Breaking Down the Environment ‘Budgets’ of Chipmaking: Lithography and Sustainability
7 Min Read October 29, 2025
Lithography is the essential, pattern-printing "heartbeat" of chipmaking.
It is the process that enables ever-smaller, faster chips, but this precision comes with an accelerating environmental footprint. While innovations like Extreme Ultraviolet (EUV) lithography offer steps forward by reducing the number of complex process steps, the power demands of the equipment itself keeps the sustainability debate centered on this process. The lithography bay has become one of the biggest energy consumers in the entire manufacturing facility. An EUV scanner is a megawatt-class machine, and clusters of them, plus their extensive support systems (cooling, vacuum, cleanroom air), can draw tens of megawatts. This energy footprint is so significant that the core question for new fabs isn't just "Can we build it?" but "Can the local power grid reliably supply continuous, massive power at this scale?" Fabs must now approach power infrastructure with the same rigor as cloud providers, planning for substation upgrades, on-site storage, and long-term supply agreements.

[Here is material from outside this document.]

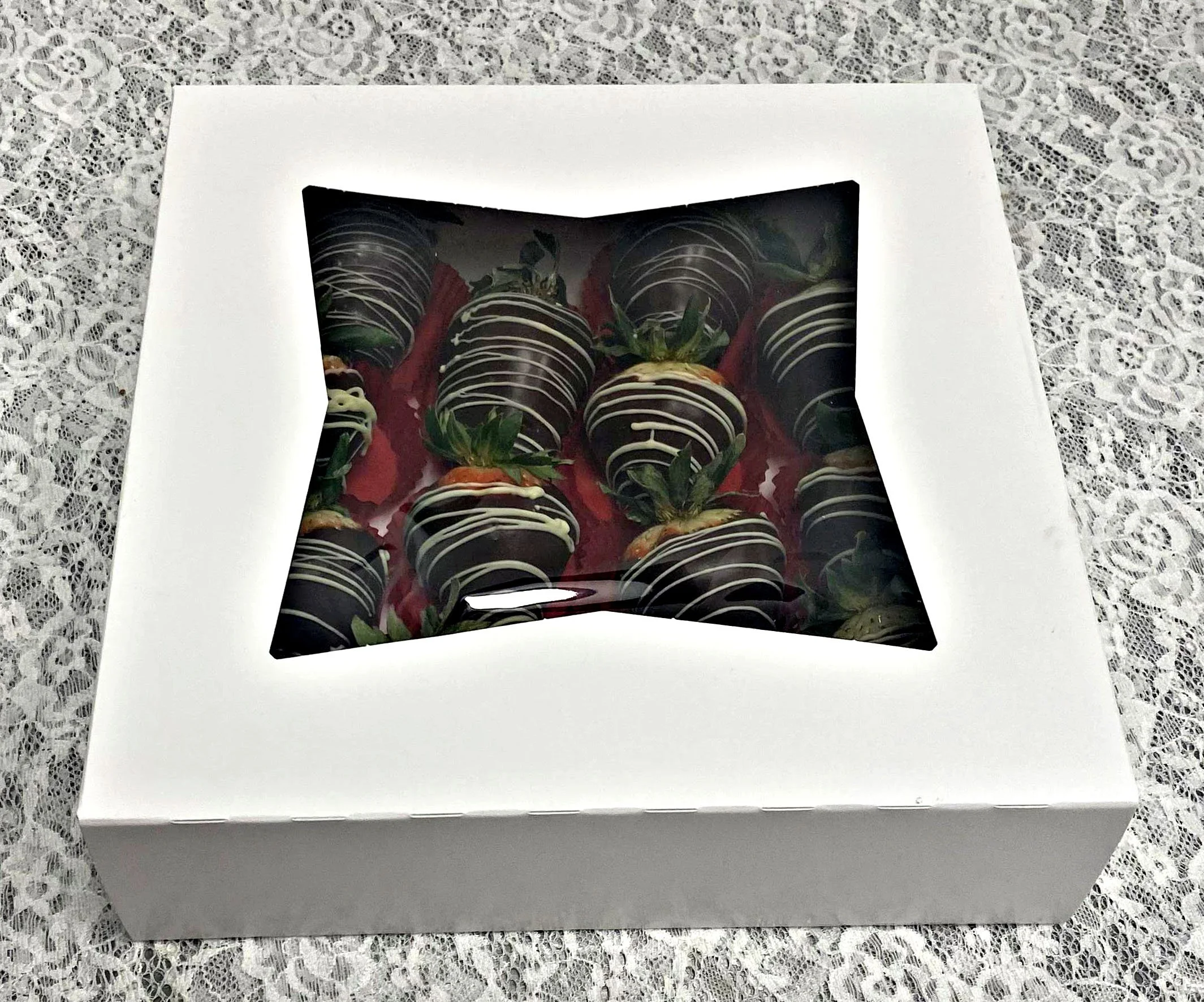 White Window Box with 12-14 Large Chocolate Covered Strawberries

EUV: A Breakthrough with an Energy Catch
EUV is a true technical marvel. To generate the necessary 13.5-nanometer light, the tools create a "miniature sun" by firing lasers at tiny tin droplets 50,000 times a second, reaching temperatures hotter than the Sun's surface. The trade-off is efficiency: tens of kilowatts of laser power are needed to generate just a few hundred watts of usable light, meaning less than 2% of the initial energy reaches the wafer. While EUV saves time and chemicals by eliminating patterning steps, its power hunger makes its sustainability case complex.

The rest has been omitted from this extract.